● What this task involves
The whole listing below, with no pictures, is to be repeated as it stands.

● Source data
********

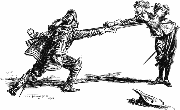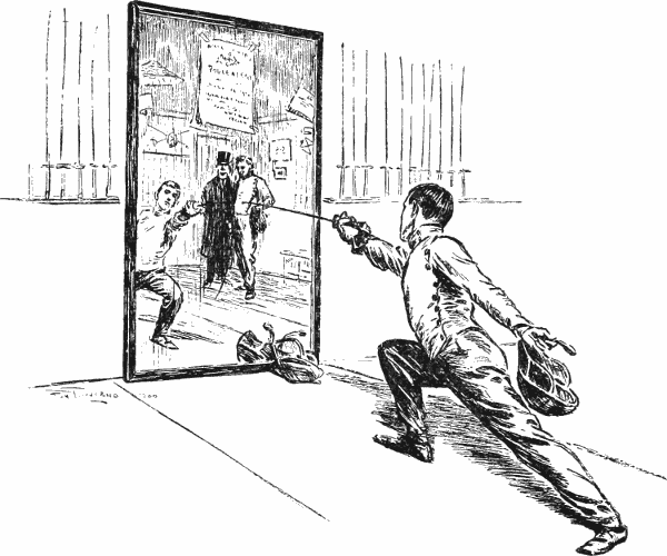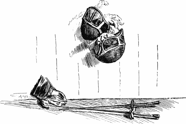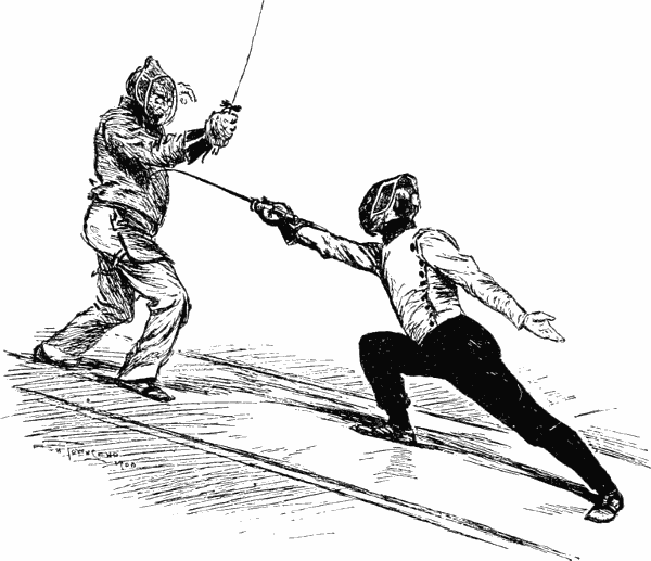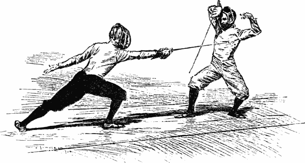 “Remember that a sword-thrust, even though[Pg 245] it be mortal, does not take effect immediately. There is always a momentary interval before the wounded man falters, or drops his sword, or falls to the ground unconscious. The moment you think you have made a hit,—for you may be mistaken,—get back as smartly as you can, and be ready to go on fighting.
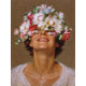 "Petal Pride" Margaret - Art & Floral Society. Margaret is a Schoolteacher and has a cascade of blooms framing her face shows a woman who’s clearly proud of her floral accomplishments, even if they seem a bit absurd captured in the stylized humorous watercolour portrait.
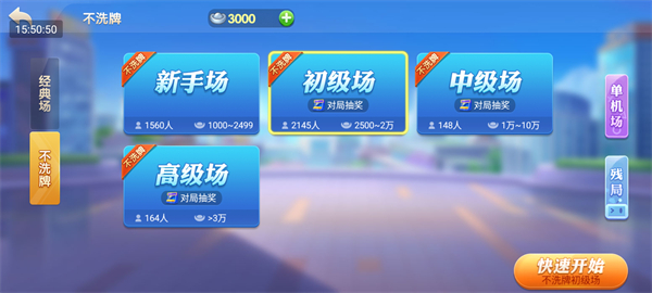 在不洗牌等玩法中,可根据当前银两数量选择新手场、初级场、中级场或高级场,循序渐进提升牌技。
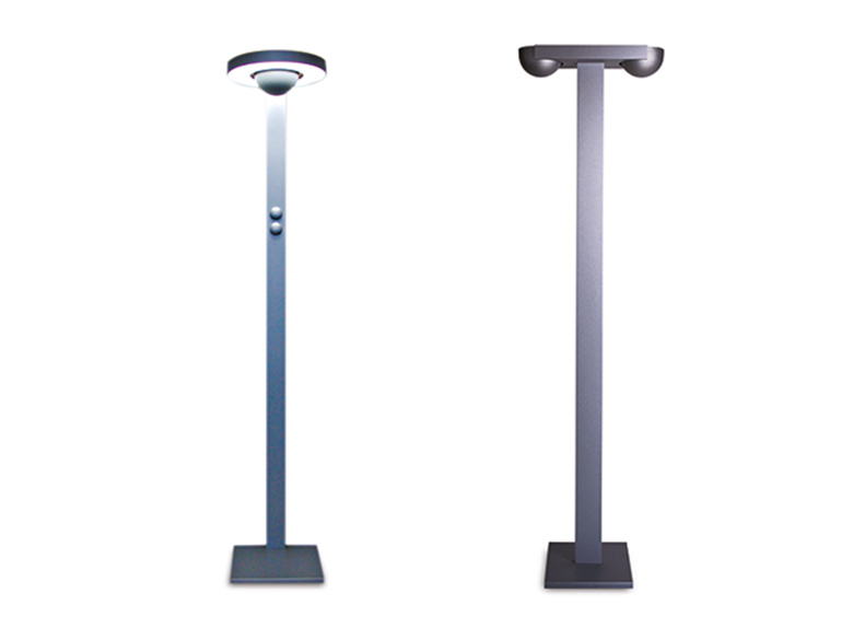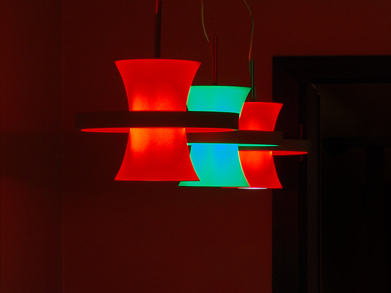 Massives Gussmetall bildet das optische Fundament dieser Leuchtenfamilie von Wand-, Pendel- und Stehleuchten. Die für ihren innovativen Farbwechsel preisgekrönte Serie vereint die Vorteile indirekter Raumbeleuchtung mit direktem, gerichteten Arbeitslicht. Der Einsatz von Farbfiltern und die stufenlos dimmbaren Leuchtstoff- und Halogeneinheiten ermöglicht die exakte Anpassung der Lichtstimmung an die Raumsituation.

********

● Response box
 “Remember that a sword-thrust, even though[Pg 245] it be mortal, does not take effect immediately. There is always a momentary interval before the wounded man falters, or drops his sword, or falls to the ground unconscious. The moment you think you have made a hit,—for you may be mistaken,—get back as smartly as you can, and be ready to go on fighting.
 "Petal Pride" Margaret - Art & Floral Society. Margaret is a Schoolteacher and has a cascade of blooms framing her face shows a woman who’s clearly proud of her floral accomplishments, even if they seem a bit absurd captured in the stylized humorous watercolour portrait.
 在不洗牌等玩法中,可根据当前银两数量选择新手场、初级场、中级场或高级场,循序渐进提升牌技。
 Massives Gussmetall bildet das optische Fundament dieser Leuchtenfamilie von Wand-, Pendel- und Stehleuchten. Die für ihren innovativen Farbwechsel preisgekrönte Serie vereint die Vorteile indirekter Raumbeleuchtung mit direktem, gerichteten Arbeitslicht. Der Einsatz von Farbfiltern und die stufenlos dimmbaren Leuchtstoff- und Halogeneinheiten ermöglicht die exakte Anpassung der Lichtstimmung an die Raumsituation.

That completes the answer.